**SUPPLIED RECORDS**
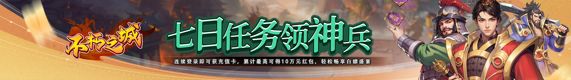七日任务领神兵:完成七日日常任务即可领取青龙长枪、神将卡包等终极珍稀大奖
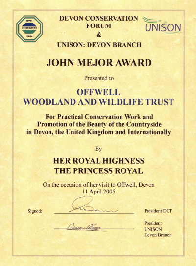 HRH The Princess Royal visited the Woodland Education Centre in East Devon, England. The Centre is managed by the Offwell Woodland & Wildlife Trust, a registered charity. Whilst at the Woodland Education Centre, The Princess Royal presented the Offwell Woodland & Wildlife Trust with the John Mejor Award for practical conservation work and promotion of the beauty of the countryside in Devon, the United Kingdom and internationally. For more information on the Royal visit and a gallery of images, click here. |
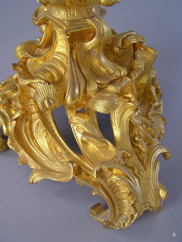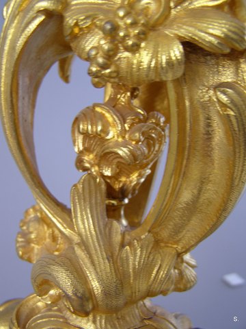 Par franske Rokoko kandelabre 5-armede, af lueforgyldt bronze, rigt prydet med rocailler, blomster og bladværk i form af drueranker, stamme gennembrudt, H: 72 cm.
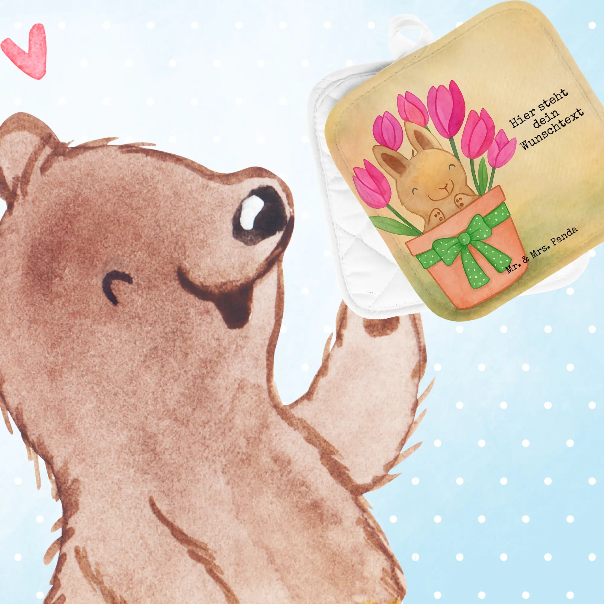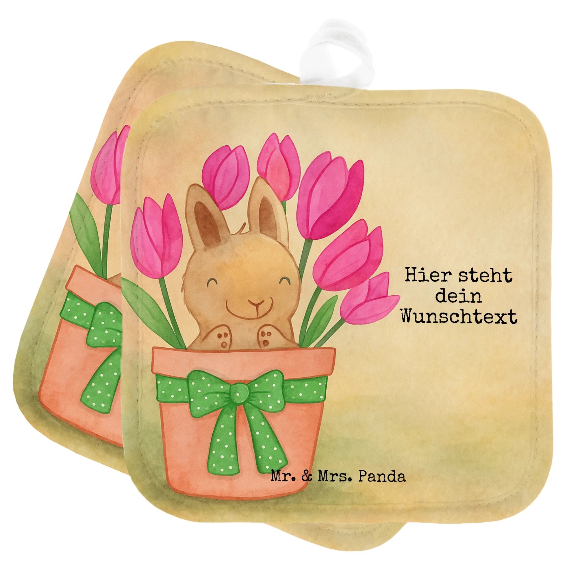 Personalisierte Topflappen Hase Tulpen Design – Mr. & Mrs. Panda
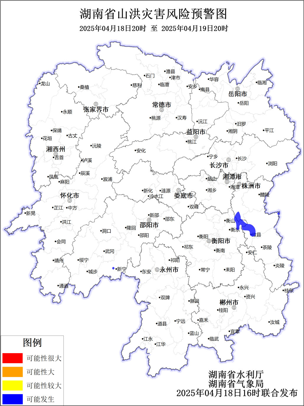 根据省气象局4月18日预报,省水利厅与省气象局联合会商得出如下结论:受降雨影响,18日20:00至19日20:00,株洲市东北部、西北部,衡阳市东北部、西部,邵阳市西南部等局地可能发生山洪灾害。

**YOUR OBJECTIVE**
Output the records above as they stand, from the first line to the line with "Personalisierte Topflappen Hase", inclusive, and exclude the pictures.

**RESPONSE TO THE TASK**
七日任务领神兵:完成七日日常任务即可领取青龙长枪、神将卡包等终极珍稀大奖
 HRH The Princess Royal visited the Woodland Education Centre in East Devon, England. The Centre is managed by the Offwell Woodland & Wildlife Trust, a registered charity. Whilst at the Woodland Education Centre, The Princess Royal presented the Offwell Woodland & Wildlife Trust with the John Mejor Award for practical conservation work and promotion of the beauty of the countryside in Devon, the United Kingdom and internationally. For more information on the Royal visit and a gallery of images, click here. |
 Par franske Rokoko kandelabre 5-armede, af lueforgyldt bronze, rigt prydet med rocailler, blomster og bladværk i form af drueranker, stamme gennembrudt, H: 72 cm.
 Personalisierte Topflappen Hase Tulpen Design – Mr. & Mrs. Panda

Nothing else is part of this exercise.